Moulton died on 9 December 2012 at the Royal United Hospital in Bath. His funeral, which was attended by 'Moultoneers' from all over the world, took place at Holy Trinity Church, Bradford-on-Avon on 19 December, after which he was interred in the family grave at Christ Church in the same town beside his great-grandfather, Stephen Moulton, who founded the Moulton dynasty in the Wiltshire town in 1848.

Moulton never married, and had no immediate survivors.

== Legacy ==
Under Moulton's will, the Grade I listed Hall – along with investments, land, outbuildings and cottages – was gifted to a charitable trust.
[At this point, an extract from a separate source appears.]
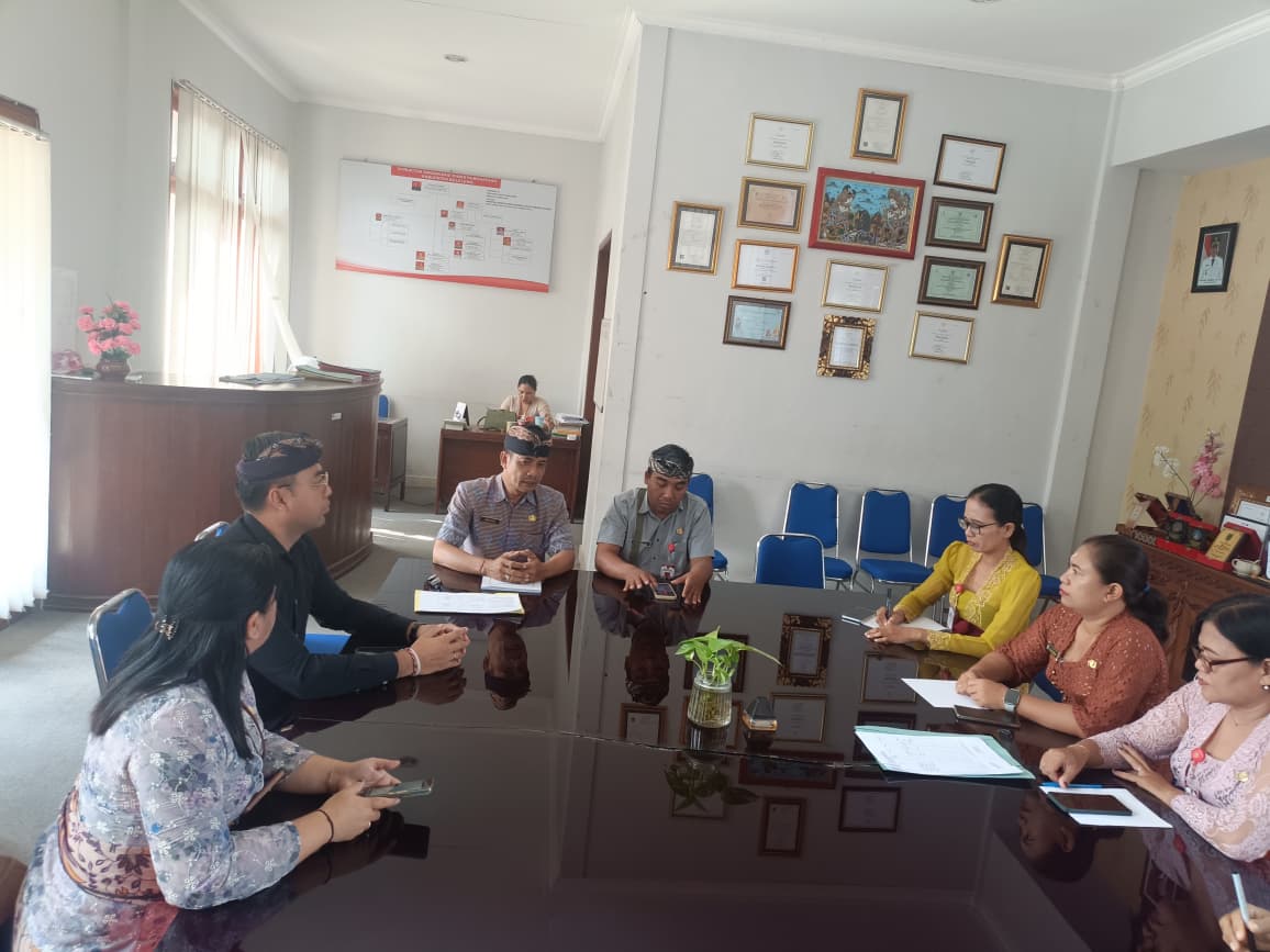Sukawirya,S.I,Pust dan Komang Indirayati,S.S.T.Ars. Tim Monev diterima langsung oleh Plt. kasubag UPTD Gedong Kirtya.

In 2020 the trust was reorganised as a charitable incorporated organisation, the Alex Moulton Charitable Trust, which continues to preserve and maintain the Hall and its collections, and promote engineering and design.

The Moulton Bicycle name has undergone several changes of ownership. Since 2008 the name has been used by a privately held company which has a small modern factory just east of the Hall.